- Directive covers staking and may cloud regulatory picture for crypto firms.
- EU move prompted by G20's push implement new cross-border rules to fight illicit finance.
- Young crypto firms may have a hard time complying.
Beginning in 2026, crypto firms in Europe must provide their account holders’ financial details to tax authorities as part of an effort to crack down on tax evasion.
The European Union’s 27 finance ministers on Tuesday unanimously approved rules that will sweep crypto assets into the bloc’s existing framework for exchanging data between tax authorities.
As a result, crypto service providers, such as digital wallets and exchanges, will have to provide user information to government regulators.
The idea is this move will also help track criminal funds denominated in cryptocurrencies when they cross borders.
Combatting terror finance
“I hope that through this we can avoid the sort of bubbles we’ve seen before and will contribute to financial stability and also combat the financing of terrorism and a combat money laundering,” said Nadia Calviño, Spain’s minister for the economy and digital transformation, in comments to Europe’s Economic and Financial Affairs Council.
The directive, known as DAC8, may cloud the regulatory clarity set by the EU’s landmark legislation, MiCA.
The problem: it covers staking, the practice of providing digital assets to validators who tend blockchains, which has been left out of MiCA. Staking for Ethereum, Solana, and other blockchain networks has become a huge new source of revenue in crypto.
Some crypto service providers are worried the European Union is creating a harsh and stricter environment for crypto in the compared to the rest of the world, said Max Bernt, chief legal officer at crypto tax solutions firm, Blockpit, and a board member of the International Association for Trusted Blockchain Applications.
The crypto industry has ramped up efforts to manage money-laundering, sanctions, and user identification rules, which overshadow tax reporting rules, Bernt told DL News.
“But no one really knows about tax and its impact on the reporting obligations of service providers,” Bernt said. “The DAC8 will have a big impact on service providers, which they are not very aware of yet, because it’s not widely known.”
‘Implementation could be difficult, especially for those with tighter budgets.’— Max Bernt, Blockpit
The European Union is responding to a global push to set the crypto tax reporting regime in place.
At the G20 summit in September, leaders of the world’s 20 largest economies agreed that the framework recommended by the Organisation for Economic Co-operation and Development should be implemented by 2027.

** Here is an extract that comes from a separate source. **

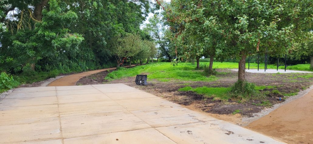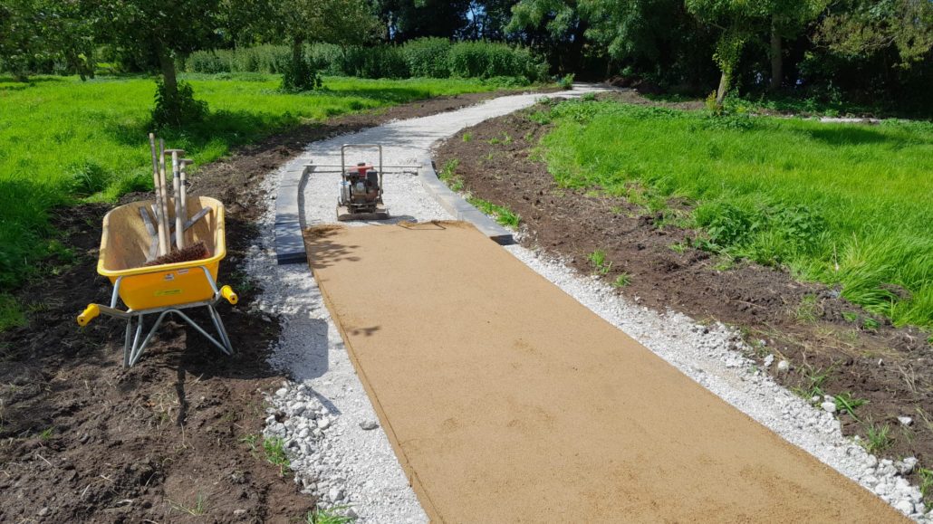 Het terrein is gedeeltelijk geëgaliseerd om een stabiele en strakke basis te creëren, zonder afbreuk te doen aan het natuurlijke reliëf. Langs alle paden is een inheems bloemenmengsel ingezaaid. In de komende jaren zal dit uitgroeien tot kleurrijke, biodiverse borders die bijdragen aan de aantrekkelijkheid én ecologische waarde van het gebied.

The OECD, which sets policies across its 38 participant countries, developed a crypto asset reporting framework that was published in 2022 at the G20′s request.
Europe is ahead of schedule. The next step is publishing the crypto tax reporting directive in the EU’s Official Journal. Then, rules will apply on January 1, 2026.
Staking and MiCA
One big concern for Europe’s digital finance experts: they must also provide authorities with information about clients engaged in staking and crypto lending.
That’s because staking and lending were not included in the European Union’s comprehensive crypto rulebook, known as MiCA. And staking has not been defined on an EU level.
Lawmakers in the European Parliament wanted to remove staking from the reporting equation. But the European Council, which calls the shots on anything tax-related, ignored the suggestion.
“Without further guidance on its interpretation could lead to substantial differences in interpretation within the EU,” said Bernt.
The lack of clear definition could “significantly complicate the bureaucratic hurdles for cross-border transactions,” Bernt said.
That’s because EU directives, unlike regulations, leave it up to nations to decide how they want to reach the results. The matter of taxation itself remains up to every country to decide.
“Implementation could be difficult, especially for those with tighter budgets,” said Bernt.
That leaves firms offering Europeans crypto services a few options, according to Bernt. For example, firms can find capacity to deliver the reporting obligations internally, or outsource the work.
Another option could be to seek external guidance and monitoring to build up capacity to later do so independently.
For an industry that is still maturing, firms should not need to face “surprising, unclear, excessive or practically unimplementable reporting requirements,” according to Bernt.
“DAC8 tries to find the right balance,” Bernt told DL News. “Is it perfect? No, but certainly a good start towards achieving greater tax transparency.”